By what percentage will the illumination of the lamp decrease if the current drops by 20%?

• A. \(46\%\)
• B. \(26\%\)
• C. \(36\%\)
• D. \(56\%\)

Answer 1

The Correct Option is C

The question requires us to find the percentage decrease in illumination of a lamp when the current decreases by 20%. The key concept to use here is that illumination (intensity of light) is proportional to the square of the current flowing through the lamp. This is based on the relationship given by the formula for power in terms of electric current:

\(P \propto I^2\)

Here, \(P\) represents power, and \(I\) represents current.
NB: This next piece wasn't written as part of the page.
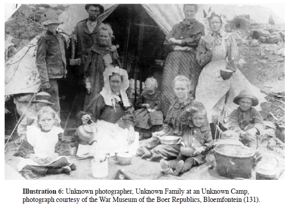 2 Louis Changuion, Frik Jacobs and Paul Alberts, Suffering of War (Bloemfontein: War Museum of the Boer Republics, 2003: for Illustrations 1-8, the page number from Suffering of War is indicated in parenthesis). The War Museum probably has the largest collection of concentration camp (and war) photographs, but there are other collections in the Free State Archives, also at Bloemfontein, the Howick Museum, KwaZulu-Natal, the National Archives and the National Cultural History Museum, both in Pretoria, and in the Milner Papers, London. I am grateful to Elizabeth van Heyningen for bringing images from these collections to my attention, and for her comments on this paper.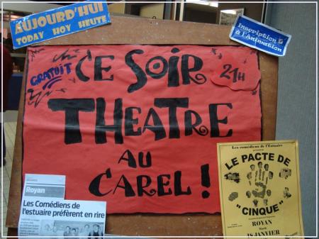 Ce soir, nous étions de sortie. Dans le Sud-Ouest de ces jours-ci, Roger avait noté que la troupe amateur "Les Comédiens de l'Estuaire" se produisait au CAREL à Royan.

Since illumination is related to the power of the lamp, we use this concept to find the change in illumination.

1. If the original current is \(I\), the initial illumination can be represented as proportional to \(I^2\).
2. Given that the current decreases by 20%, the new current is: \(I_{\text{new}} = I - 0.2I = 0.8I\)
3. The new illumination is proportional to: \((0.8I)^2 = 0.64I^2\)
4. The percentage change in illumination can be calculated as:

\(\text{Percentage Decrease} = \left(\frac{I^2 - 0.64I^2}{I^2}\right) \times 100\% = (1 - 0.64) \times 100\% = 0.36 \times 100\% = 36\%\)
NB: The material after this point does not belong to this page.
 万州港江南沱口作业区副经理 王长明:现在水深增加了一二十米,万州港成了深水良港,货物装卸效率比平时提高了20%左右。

Thus, the illumination of the lamp decreases by 36%.

Therefore, the correct answer is \(36\%\).

Answer 2

The power dissipated in a resistive circuit is given by:

\[ P = I^2R. \]

Let the initial power be \( P_{\text{initial}} = I_{\text{initial}}^2 R \).
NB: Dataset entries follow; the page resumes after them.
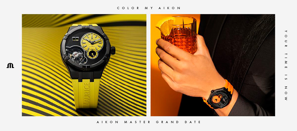 Maurice Lacroix по-новому интерпретирует внешний вид своего AIKON Master Grand Date Black, используя яркие солнечные оттенки. В результате получились часы AIKON Master Grand Date Technicolour, сочетающие серьезное часовое искусство с игривым использованием цвета.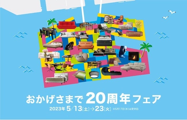 大丸松坂屋百貨店が運営する大丸インテリア館「ミュゼ エール」(所在地:六甲アイランド 神戸ファッションマート2階)は、約4,300㎡の売場面積を活かし、国内外から取り揃えた約100ブランドの上質な家具を展示、2003年のオープン以来ここでしか体験できない価値を提供してまいりました。誕生日を迎える5月13日(土)~23日(火)の期間、特別商品やプレゼントを用意し、20周年記念キャンペーンを実施いたします。 URL:https://www.daimaru.co.jp/musee_air/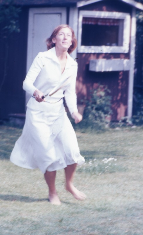 Bilden föreställer en kvinna barfota med ett badmintonrack i en trädgård. Bilden tillhör troligen Examenskaffe hos Brita Lundin 1979.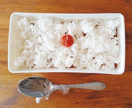 カレーが漏れにくいように、ルウの上にご飯をのせています。「日の丸べんとう~?」と突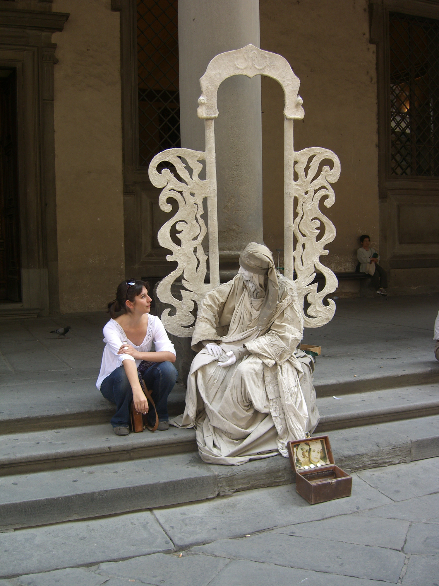 Hinter den Uffizien in Florenz stehen auch "menschliche Statuen". Aber auch die brauchen mal eine Pause.

If the current drops by 20%, the new current \( I_{\text{final}} \) is:

\[ I_{\text{final}} = 0.8 I_{\text{initial}}. \]

The new power \( P_{\text{final}} \) is:

\[ P_{\text{final}} = I_{\text{final}}^2 R = (0.8 I_{\text{initial}})^2 R = 0.64 I_{\text{initial}}^2 R. \]

The percentage change in power is:

\[ \frac{P_{\text{initial}} - P_{\text{final}}}{P_{\text{initial}}} \times 100 = (1 - 0.64) \times 100 = 36\%. \]

Thus, the illumination decreases by:

\[ 36\%. \]